I thought that the higher prices for Blu-ray DVD players would work against it, but the superior technology and the always important “look-and-feel” quotient for Blu-ray put the capper on the jug.

Now, what does this all translate to on Wall Street? Let’s take a look.

According to a new research report from Strategy Analytics, “Blu-ray Devices: Forecasting Sales and Ownership”, Blu-ray devices will find their way into 29.4 million homes worldwide by the end of 2008. The report adds that Sony’s PS3 games console will continue to drive the Blu-ray market until 2009, after which stand-alone Blu-ray players will become the dominant segment. By 2012 more than 132 million homes worldwide will own at least one Blu-ray device.

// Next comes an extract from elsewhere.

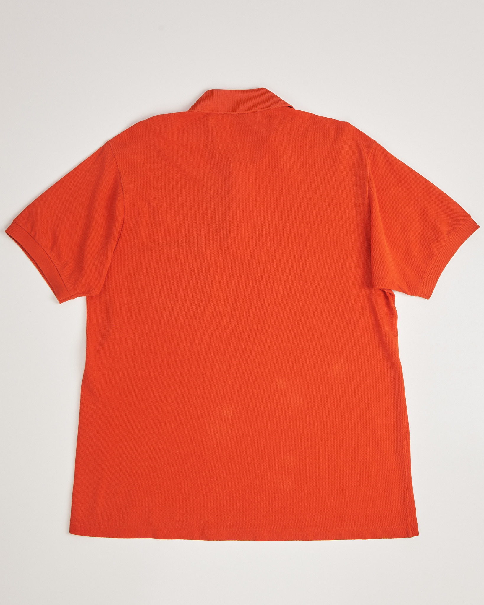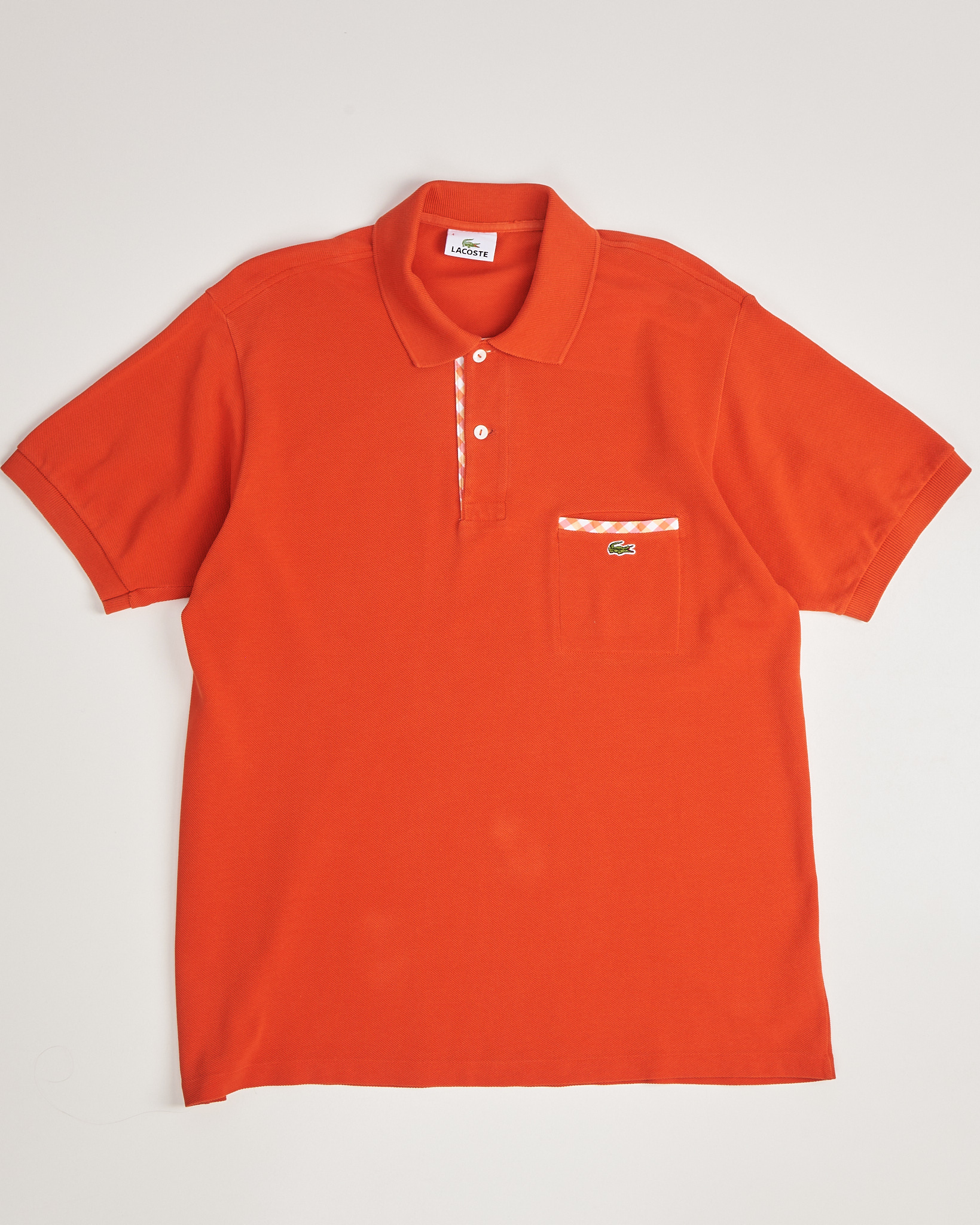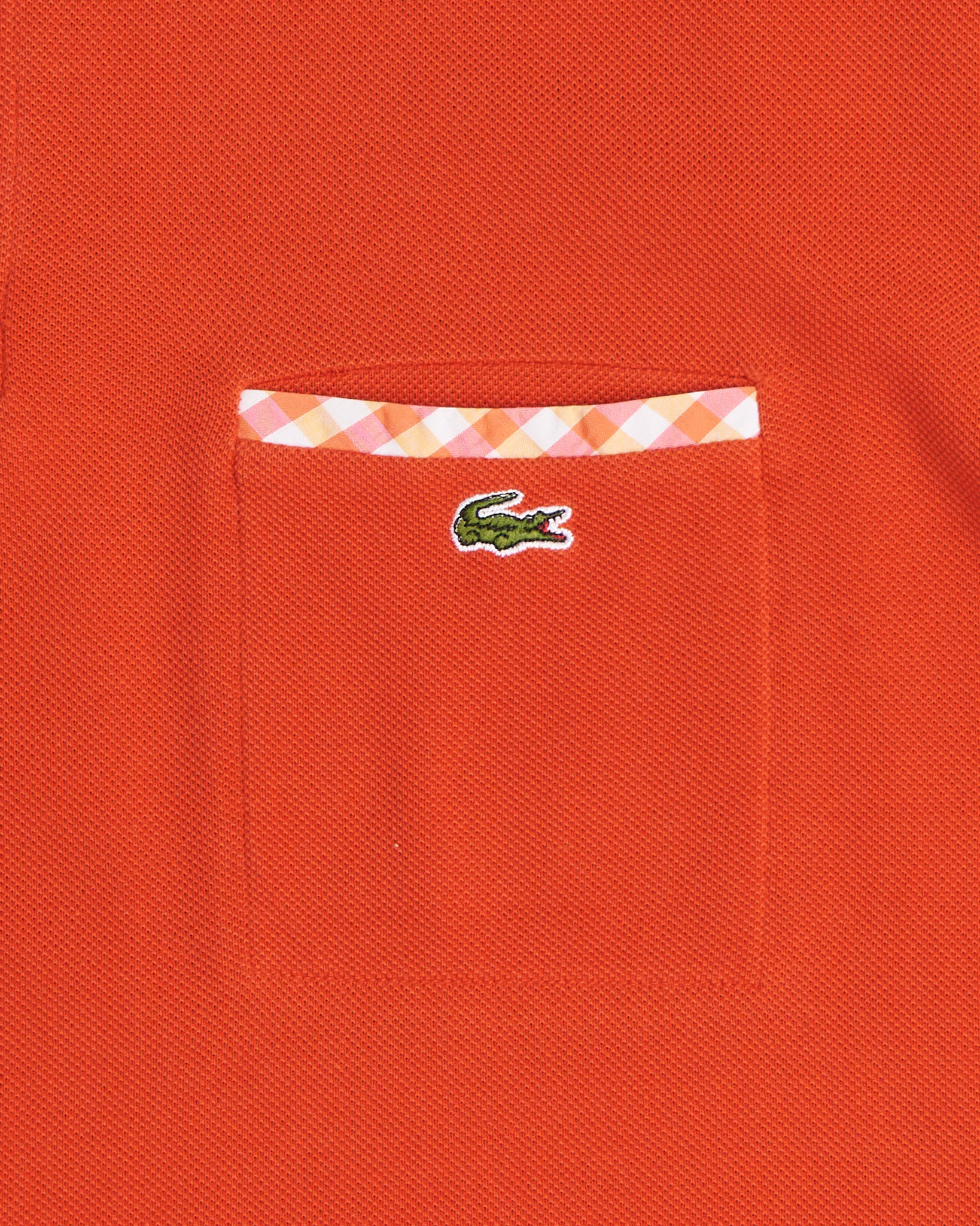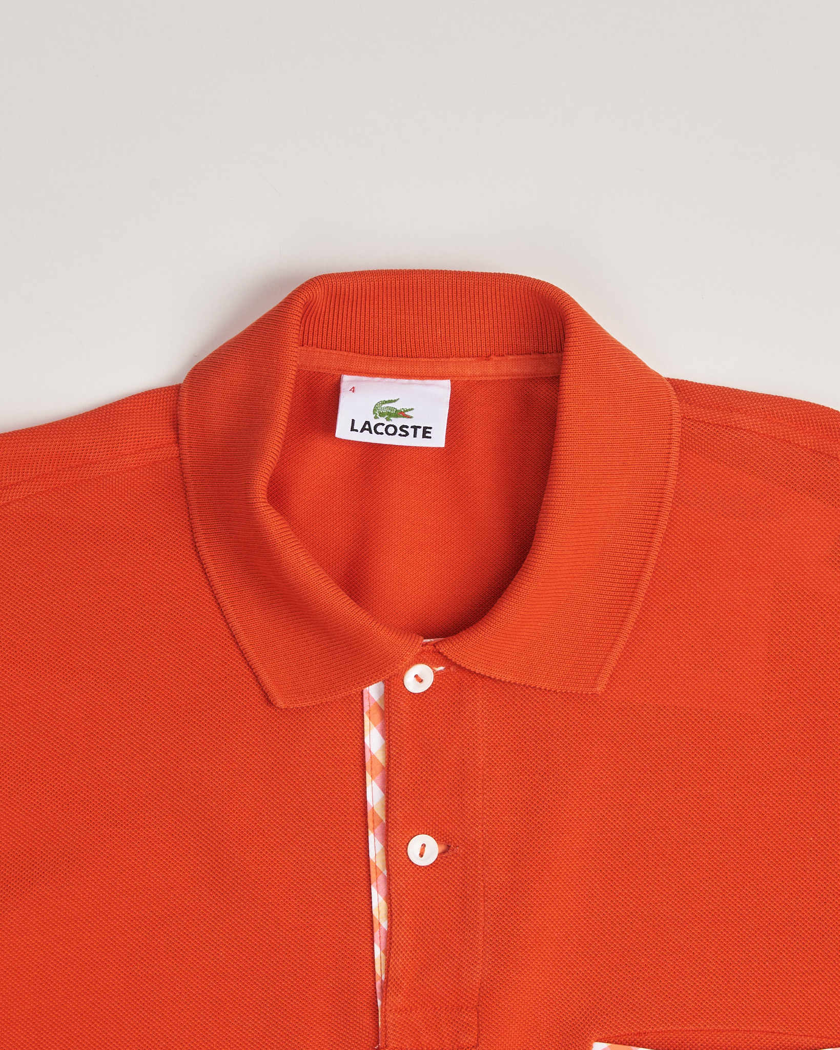 Поло Lacoste темно - оранжевого цвета. Свободный силуэт. Короткий рукав с аккуратной манжетой. Застежка на две пуговицы. Внутренняя планка и край нагрудного кармана оформлены контрастной вставкой в клетку. На кармане расположен вышитый логотип.

“HD-DVD’s withdrawal leaves the way open for Blu-ray to become a major revenue earner for technology vendors and content owners alike,” says David Mercer, an analyst at Strategy Analytics. “The 265 million homes that will own an HDTV by 2012, and Hollywood’s need for a new growth engine, represent huge incentives for the industry to coordinate marketing activities and demonstrate unified support for the successor to DVD.”

The report predicts that global sales of Blu-ray devices will reach 18.8 million units in 2008, including 4 million stand-alone players, 13 million consoles and nearly 2 million PCs. By 2012, annual sales of all BD devices will reach 57.4 million units. The largest market will be in Europe, with 26.4 million, followed by the US (22.6 million) and Japan (8.4 million).

Already, we’re seeing prices come down for Blu-ray consumer goods, like videos and DVD players. The stock analytical site BloggingonStocks.com says that Amazon.com will begin selling Blu-ray movie titles this month for a discount -- some for as low as $13.95.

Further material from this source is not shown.